Random IO error using CE 4.5

[Fri Oct 20 15:52:56.962760 2017] [php7:notice] [pid 6829] [client] [cb,EROR] (http-io L:207 I:0) <rd.cb2.example.com:8093>Got error while performing I/O on HTTP stream. Err=0x2e
[Fri Oct 20 15:52:56.962888 2017] [php7:notice] [pid 6829] [client] [cb,INFO] (connection L:465 I:0) <rd.cb2.example.com:8093> (SOCK=0x5606ff091aa0) Starting. Timeout=75000000us
[Fri Oct 20 15:52:57.339802 2017] [php7:notice] [pid 6829] [client] [cb,INFO] (connection L:139 I:0) <rd.cb2.example.com:8093> (SOCK=0x5606ff091aa0) Connected established
[Fri Oct 20 15:52:57.795874 2017] [php7:notice] [pid 6829] [client] [cb,EROR] (http-io L:351 I:0) <rd.cb2.example.com:8093> Failed to add redirect URL (om:8093/query/service/query/service)
[Fri Oct 20 15:52:57.795965 2017] [php7:notice] [pid 6829] [client] [cb,WARN] (pcbc/n1ql L:51) Failed to decode N1QL row as JSON: json_last_error=4. I=0x5606ff0750f0
[Fri Oct 20 15:52:57.796200 2017] [php7:notice] [pid 6829] [client] [cb,EROR] (pcbc/n1ql L:88) Failed to perform N1QL query. 301: . I=0x5606ff0750f0
[Fri Oct 20 15:52:57.796243 2017] [php7:notice] [pid 6829] [client] [cb,INFO] (lcbio_mgr L:463 I:0) <rd.cb2.example.com:8093> (HE=0x5606ff092630) Placing socket back into the pool. I=0x5606ff0ad580,C=0x5606ff091aa0

This is what I get randomly when sending N1QL insert commands to my cluster. The issue is intermittent and cannot be easily reproduced. I verified the json being sent when this error occurred, and it was formatted correctly without any syntax errors.

Is it just that the IO error sent a partial part of the json which then caused a failure? Why would an error like this occur?

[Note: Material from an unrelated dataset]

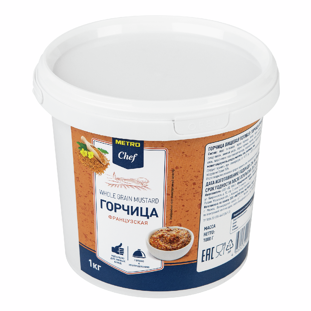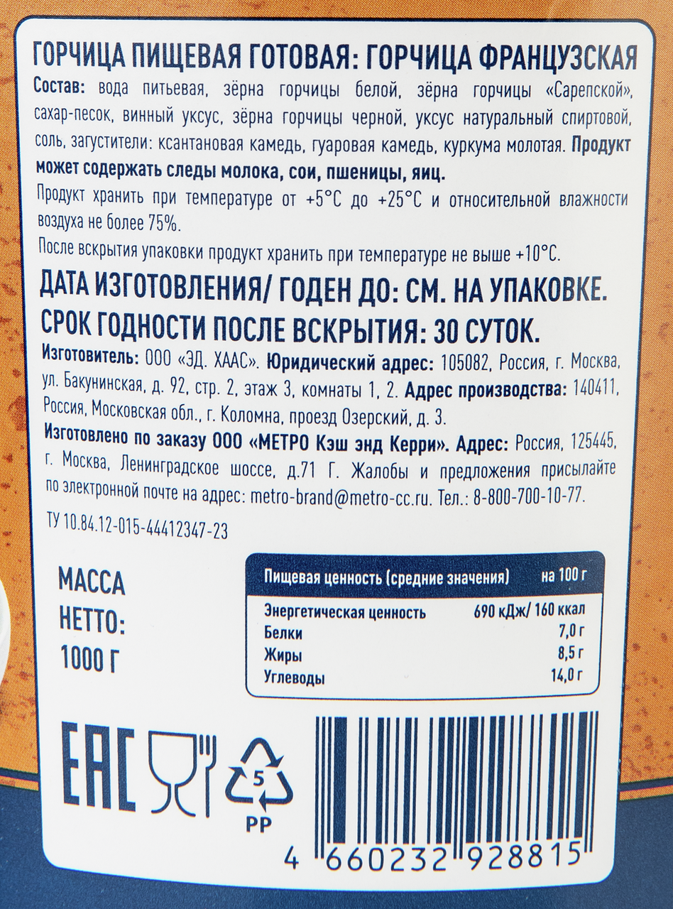 Вода питьевая, зёрна горчицы белой, зёрна горчицы "Сарептской", сахар-песок, винный уксус, зёрна горчицы черной, уксус натуральный спиртовой, соль, загустители: ксантановая камедь, гуаровая камедь, куркума молотая.

Do you have exact error return by query service? Is there any errors in query.log

it seems like N1QL service returns 301 Redirect with empty payload and the client cannot handle body as JSON. I will look at this deeper to come up with reproduction and the fix.

Are there changes to the cluster state at that moment (like rebalance, failover, other failures)?

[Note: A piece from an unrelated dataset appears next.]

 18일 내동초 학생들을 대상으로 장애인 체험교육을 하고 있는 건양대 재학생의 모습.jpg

All the errors I have I have provided. I checked the CB log page in the CB dashboard, but saw nothing of interest there.

There were no failovers, or rebalances. query.log also has no real interesting info in there during the failure.

I don’t see an obvious problem. Are you running 4.5.1?

At this point, I think your best bet is to try to reproduce the problem on a minimal setup: one machine, simple data, simple client. If you got that it would let us repro the problem here and debug it.

could you get tcpdump capture of the traffic on port 8093?